Do computer generated ECG reports improve interpretation by accident and emergency senior house officers?
S Goodacre, A Webster, F Morris
Department of
Accident & Emergency Medicine, Northern General Hospital, Herries Road,
Sheffield S5 7AU, UK
Correspondence to: Dr Goodacre S.Goodacre{at}sheffield.ac.uk
Submitted 29 August
2000;
Accepted 23 January 2001
OBJECTIVES
To determine whether
access to a computer generated electrocardiogram (ECG) report can
reduce errors of interpretation by senior house officers (SHOs) in an
accident and emergency department.
METHODS
Ten SHOs were asked to
interpret 50 ECGs each: 25 with computer generated reports, 25 without.

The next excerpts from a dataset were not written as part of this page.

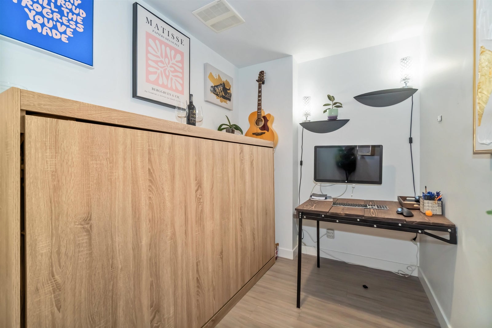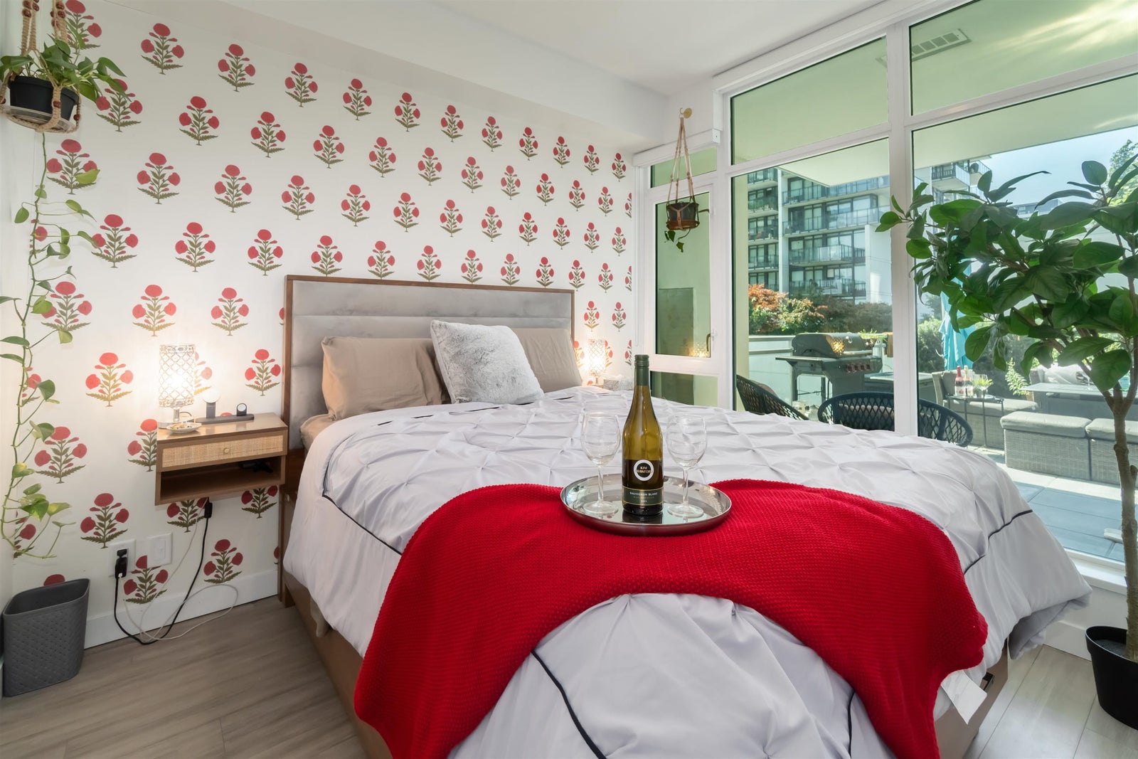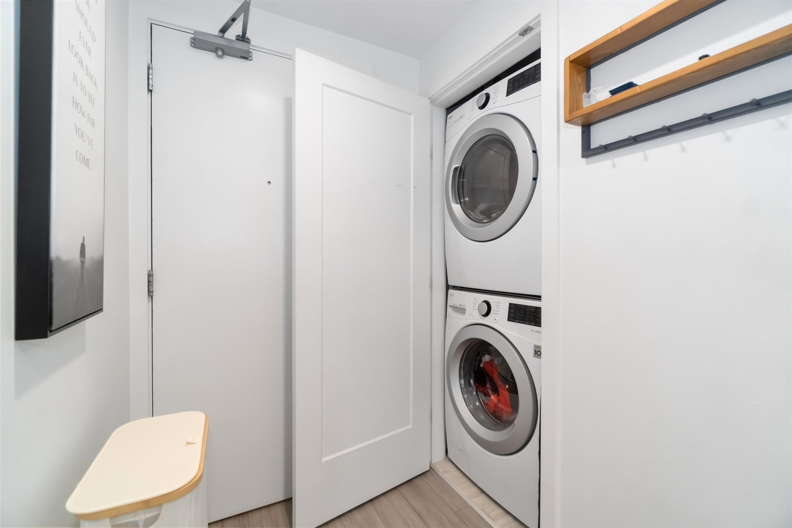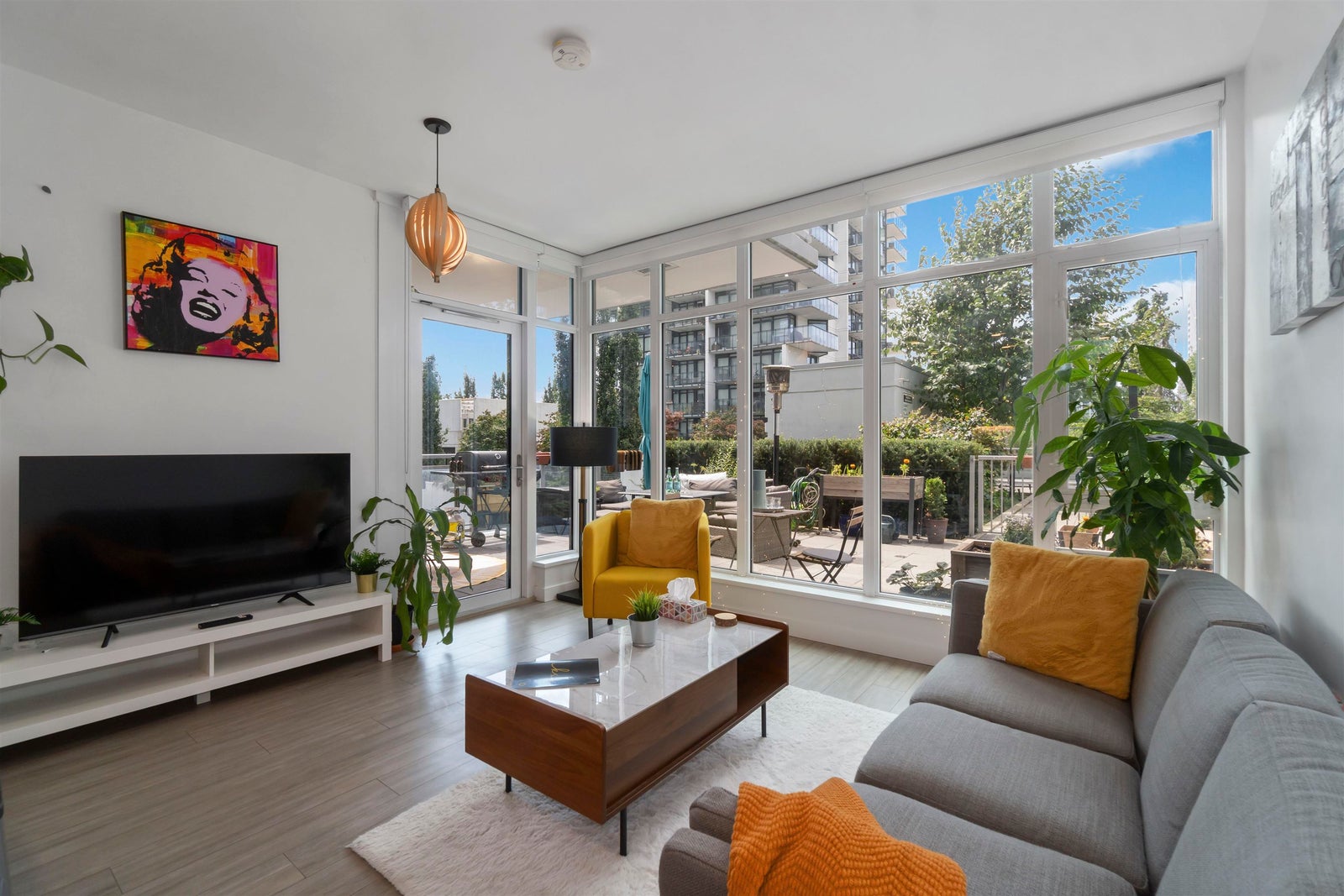 Welcome to 2311 Beta Ave - The Waterfall in Brentwood. Walk into this bright and cozy west-facing junior 2-bed with a view of its lush private patio. Luxurious features include Bosch appliances with gas cooktop, quartz counters, under-cabinet lighting, laminate flooring, floating vanities, and AC for year-round comfort. The versatile 2nd bedroom is perfect for a home office or guest room (no closet/window). Enjoy your 24/7 concierge, gym, party room, and terrace with BBQ and greenspace. Live in the heart of the thriving Brentwood community within steps to the Amazing Brentwood Mall, SkyTrain, Whole Foods and more for ultra convenient shopping and dining experiences. This home comes with one parking stall and storage locker. Visit our weekend open house or call to book your private viewing!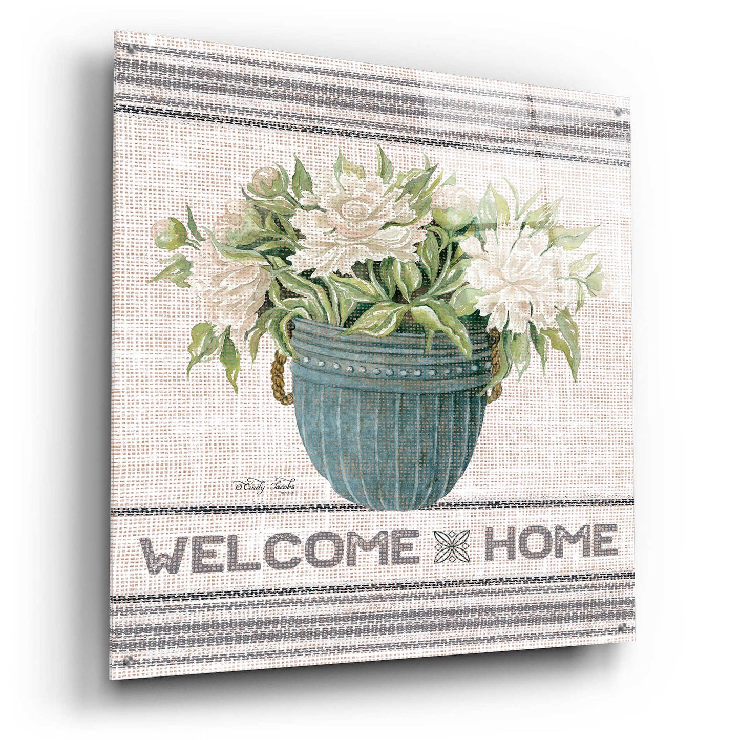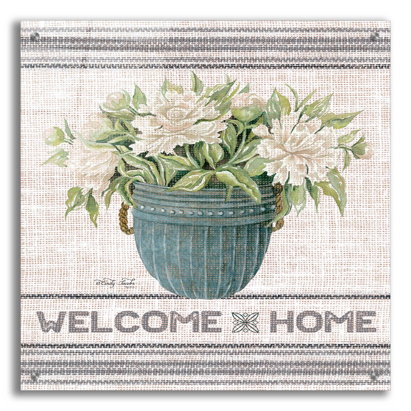 Epic Art 'Galvanized Peonies Welcome Home' by Cindy Jacobs, Acrylic Glass Wall Art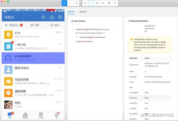 中间为页面 DOM 树结构:在应用层次结构中会直接将元素的属性值标记在树上,这对于 Appium 定位元素很方便。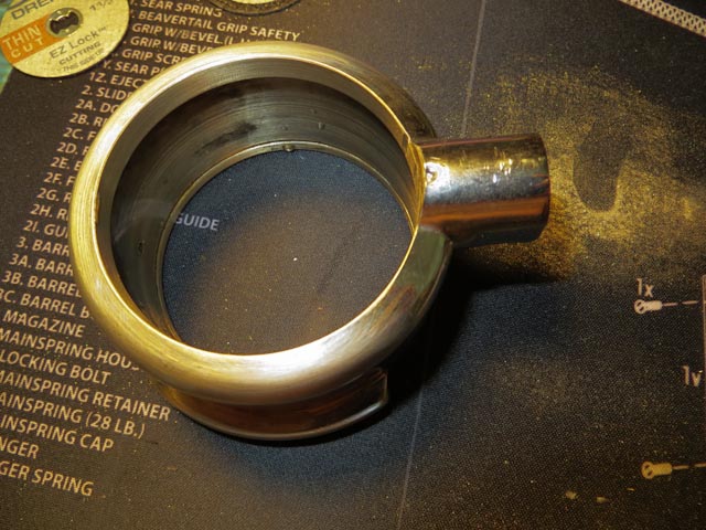 Now place the portafilter (without the metal handle!) on a lathe and machine away the excess material. I used a Central Machinery 7″ X 10″ Precision Mini Lathe. Something larger / more powerful would have made the process faster, but this worked ok. Running some fine sandpaper (on a dowel or similar) around the machined edge (while turning on the lathe) makes short work of tidying up the sharp edges, removing burrs and polishing the work.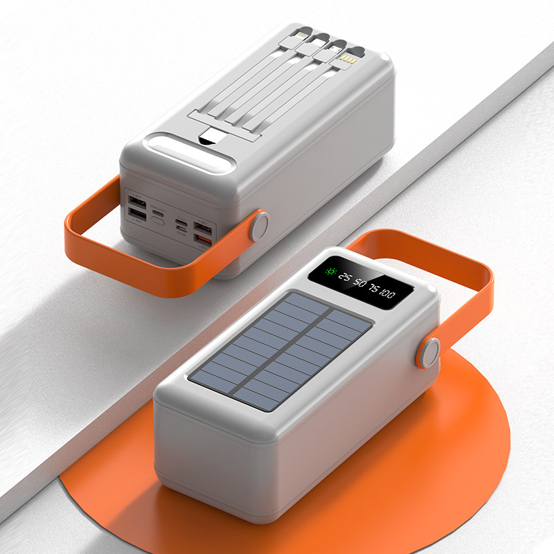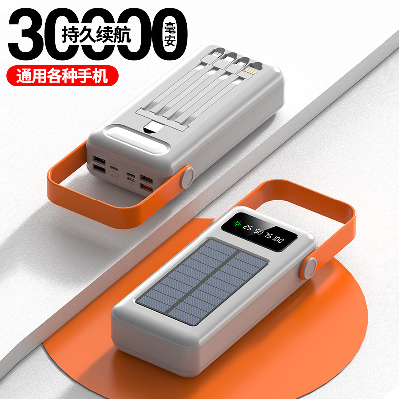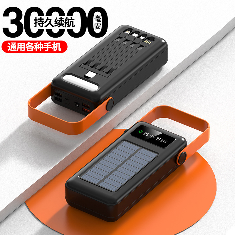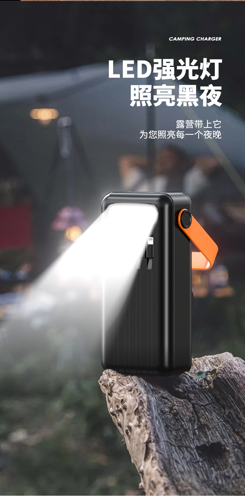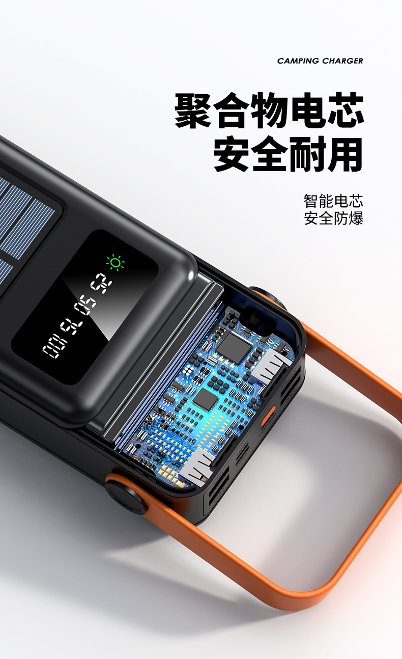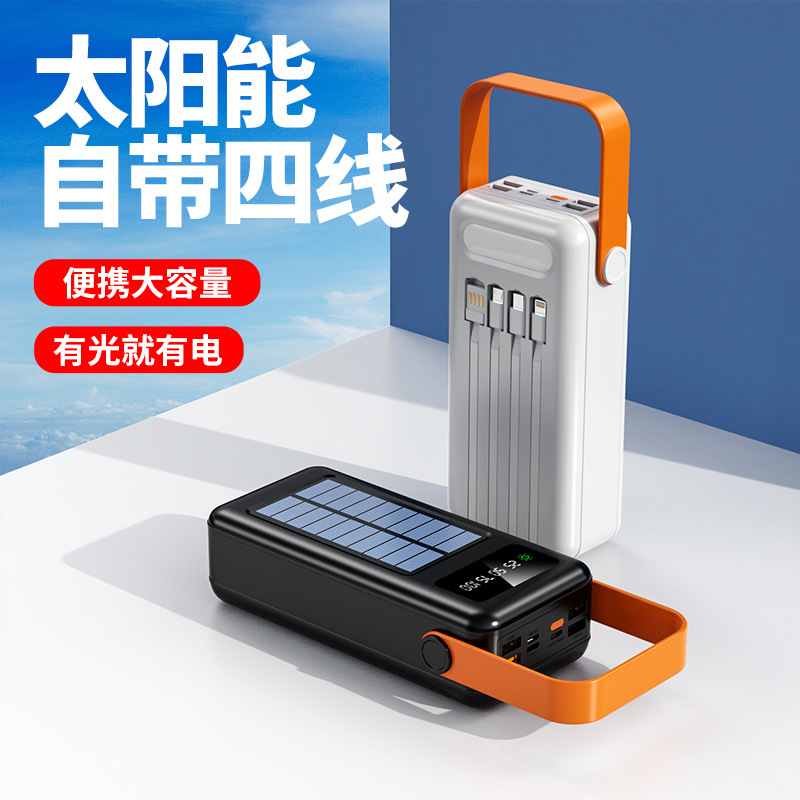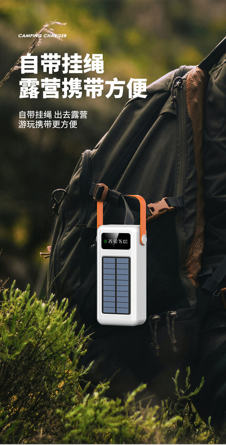 跨境户外大容量自带线太阳能充电宝80000毫安带LED灯移动电源照明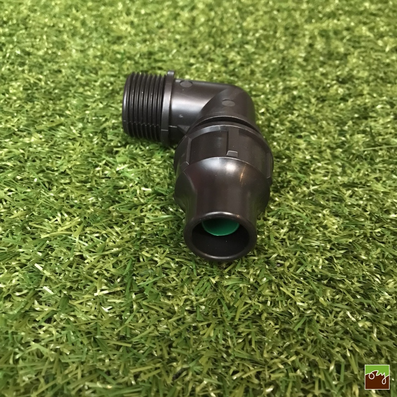 Skrutkovacie kolienko s priemerom Ø16mm a vonkajším závitom 3/4" je určené na spájanie kvapkovacieho alebo LDPE potrubia s rôznymi prvkami závlahy pod uhlom 90°. Kolenom je teda možné vytvoriť kolmý ohyb pri polyetylenových potrubiach pre závlahové systémy. Vďaka skrutkovaciemu prevedeniu tvaroviek je montáž hadíc oveľa rýchlejšia a jednoduchšia.

Their answers, and the computer generated reports, were compared with a
"gold standard" produced by two experienced clinicians. The primary
outcome measure was the proportion of major errors of interpretation.
RESULTS
The computer reading system
made two major errors (4%, 95% confidence interval (CI) 1.1% to
13.5%) compared with the gold standard. Access to the computer report
did not significantly reduce major errors among SHOs (46 (18.4%) with
report v 56 (22.4%) without, odds ratio
0.64, 95% CI 0.36% to 1.14%, p=0.13) or improve the proportion
completely correct (104 (41.6%) with report
v 91 (36.4%) without, odds ratio 1.43, 95%
CI 0.88 to 2.33, p=0.15).
CONCLUSIONS
SHOs have a high error
rate when interpreting ECGs, which is not significantly reduced by
access to a computer generated report. Junior doctors should continue
to seek expert senior help when they have to interpret a difficult ECG.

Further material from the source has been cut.